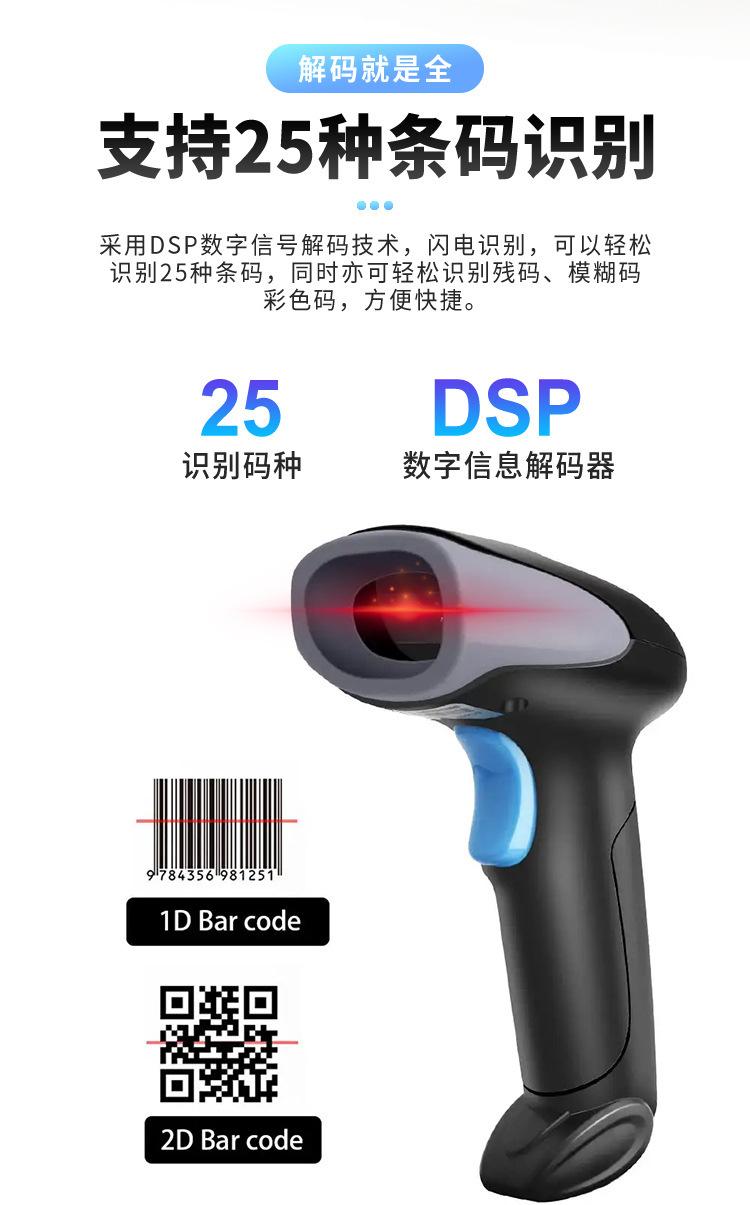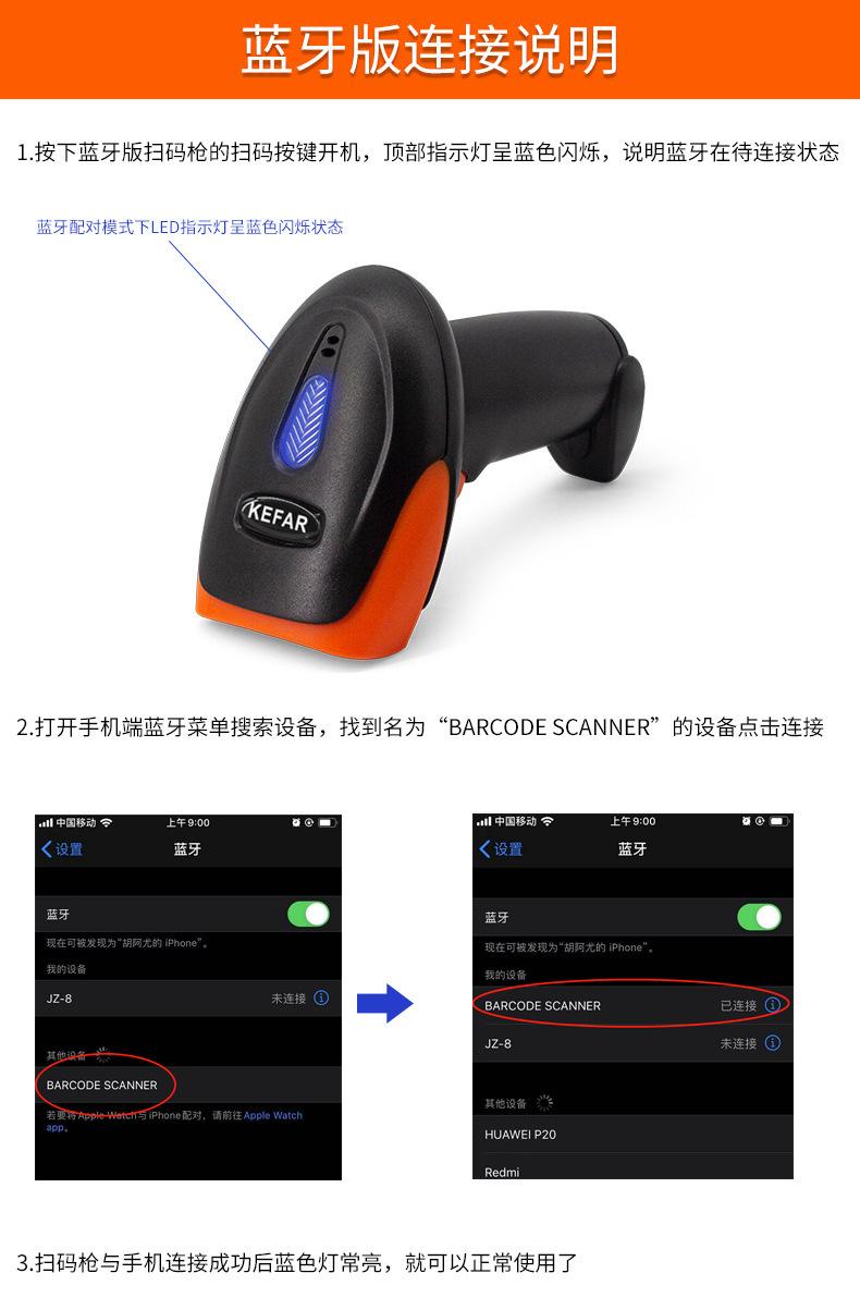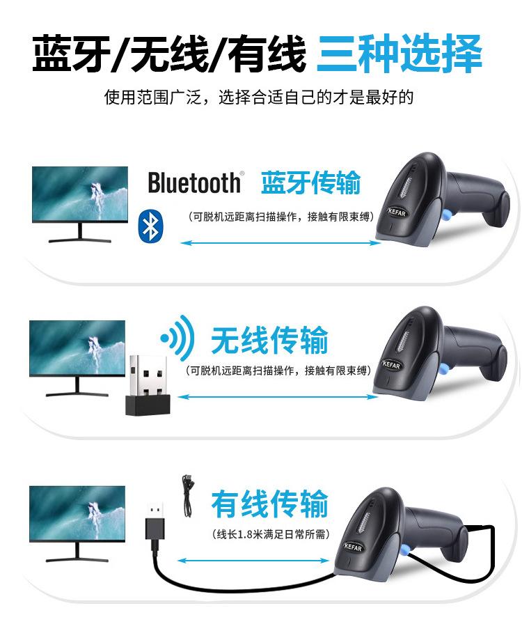 Escáner inalámbrico unidimensional KEFAR, escáner inalámbrico 2.4G, escáner de código de barras bidimensional, pistola de escaneo, fabricante de pistolas, suministro exclusivo transfronterizo
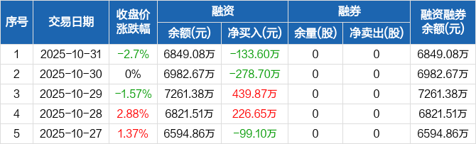 福事特:融资净偿还133.6万元,融资余额6849.08万元(10-31)
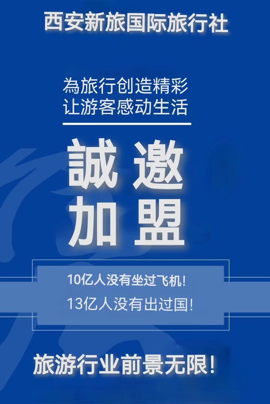 歡迎各地的有識(shí)之士能加盟到我們團(tuán)隊(duì)中來,資源共享、共謀發(fā)展!為旅行創(chuàng)造精彩,讓游客感動(dòng)生活;選擇陜新旅,走遍全世界!
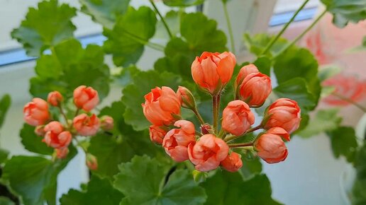 Распускаются бутоны на тюльпановидной пеларгонии Red Pandora
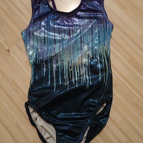 Lasten voimistelupuku koko 130-140cm väriltään valkoinen ja sininen. Materiaalina joustava kangas, jossa koristeena läpinäkyvää kangasta ja koristekiviä lumihiutalekuvion muodossa. Sopii myös tanssiin ja balettiin.
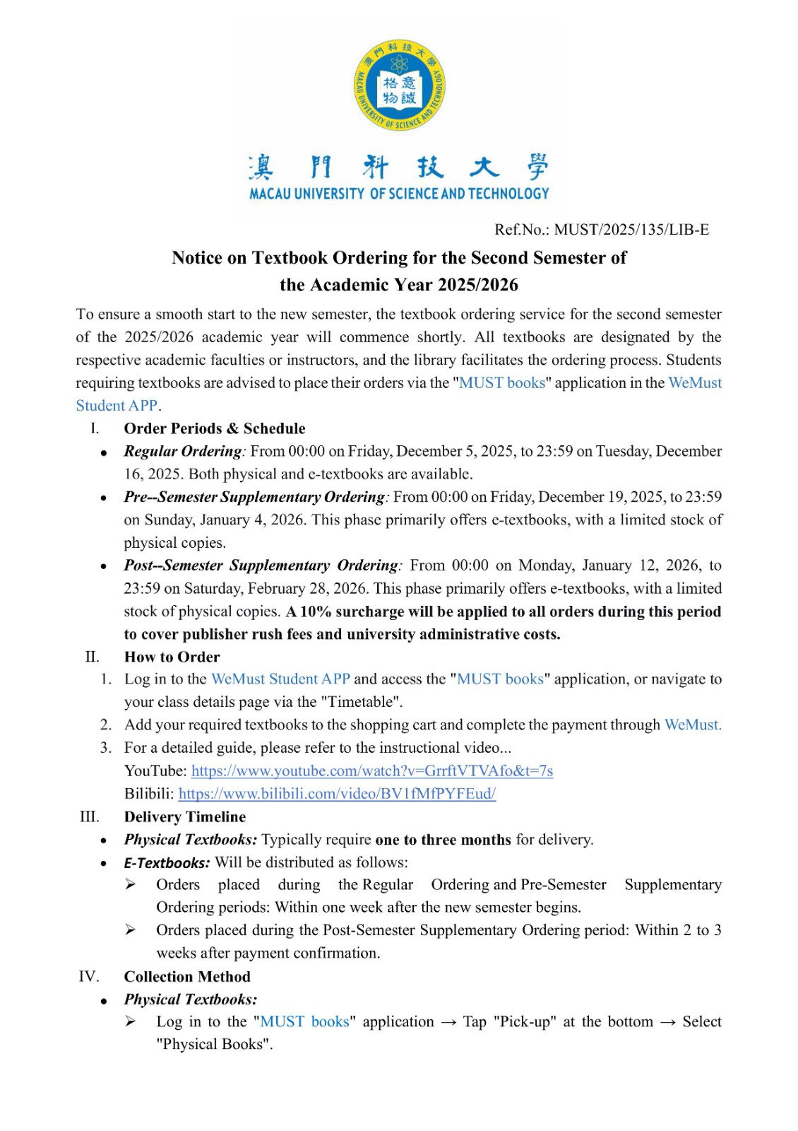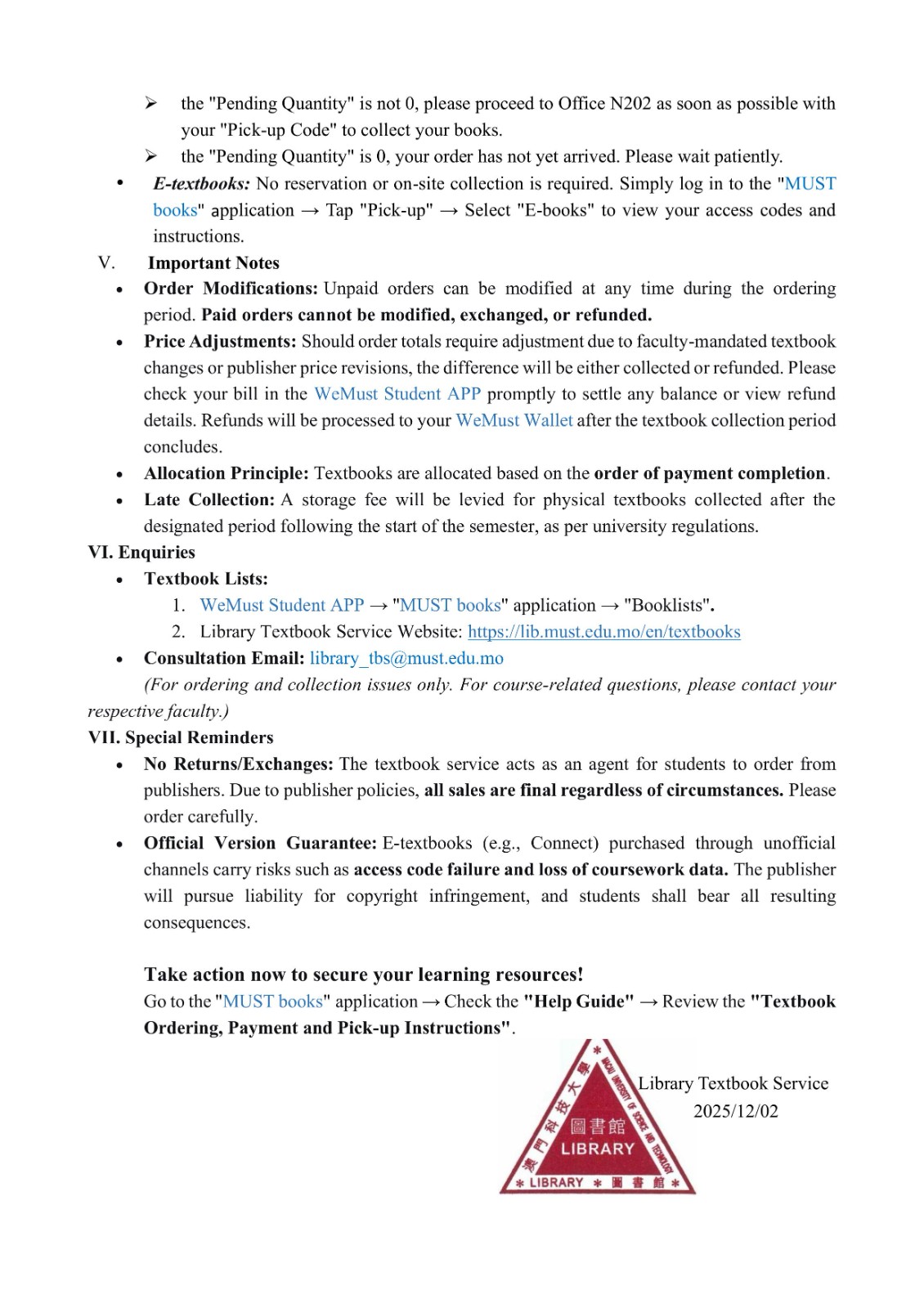 Notice on Textbook Ordering for the Second Semester of the Academic Year 2025/2026
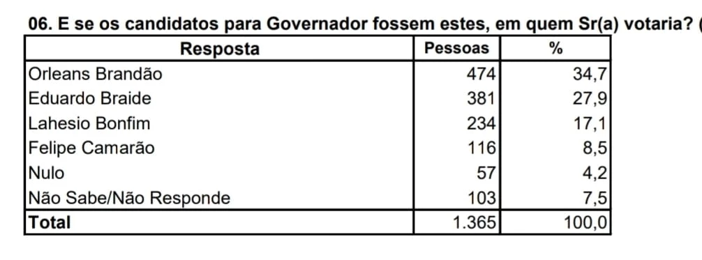 No primeiro cenário estimulado, Orleans Brandão aparece com 34,7% das intenções de voto. Ele é seguido por Eduardo Braide (PSD), prefeito de São Luís, que tem 27,9%. Lahesio Bonfim (Novo), ex-prefeito de São Pedro dos Crentes, tem 17,1% e o vice-governador, Felipe Camarão (PT), 8,5%.
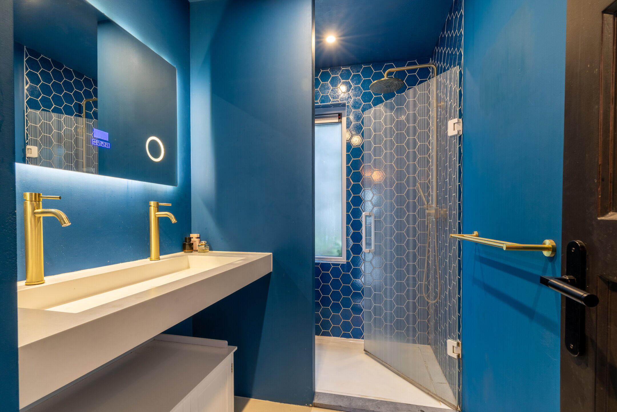 De badkamer (ca. 2.83 x 1.71m) beschikt over een royale inloopdouche met een glazen deur, hand- en regendouche, een brede dubbele wastafel met messing bedieningselementen, een handige bergnis, moderne gietvloer en diverse plafondspots.
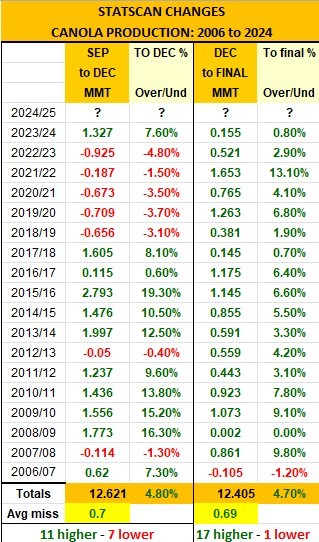 Because STATSCAN can change production for up to 2 years after the December report and up to 5 years in an Ag Census year, production estimates can change unless the data is older than 5 years. The chart shows two periods - September to December changes and then December to the final. September to December estimates have increased 11 out of 18 years and gone down for 7. The final final has only gone down in one year out of 18. The average miss in 18 years is 700,000 MT from Sep to Dec and 690,000 MT from Dec to the final. Their accuracy is the same today with computing power as with paper and pen, 40 years ago. Their inaccuracy is not a hill to die on, as every green number displayed in the chart has underestimated the crop and held prices higher; however, most traders are keeping their own set of S&Ds.Originally posted by LEP View Post

-------

What is required: The data above holds the lines to copy: start at the one with "Notice on Textbook", stop at the one with "De badkamer (ca.", include both, copy them exactly without pictures, and copy nothing else.

Output below:
 Notice on Textbook Ordering for the Second Semester of the Academic Year 2025/2026
 No primeiro cenário estimulado, Orleans Brandão aparece com 34,7% das intenções de voto. Ele é seguido por Eduardo Braide (PSD), prefeito de São Luís, que tem 27,9%. Lahesio Bonfim (Novo), ex-prefeito de São Pedro dos Crentes, tem 17,1% e o vice-governador, Felipe Camarão (PT), 8,5%.
 De badkamer (ca. 2.83 x 1.71m) beschikt over een royale inloopdouche met een glazen deur, hand- en regendouche, een brede dubbele wastafel met messing bedieningselementen, een handige bergnis, moderne gietvloer en diverse plafondspots.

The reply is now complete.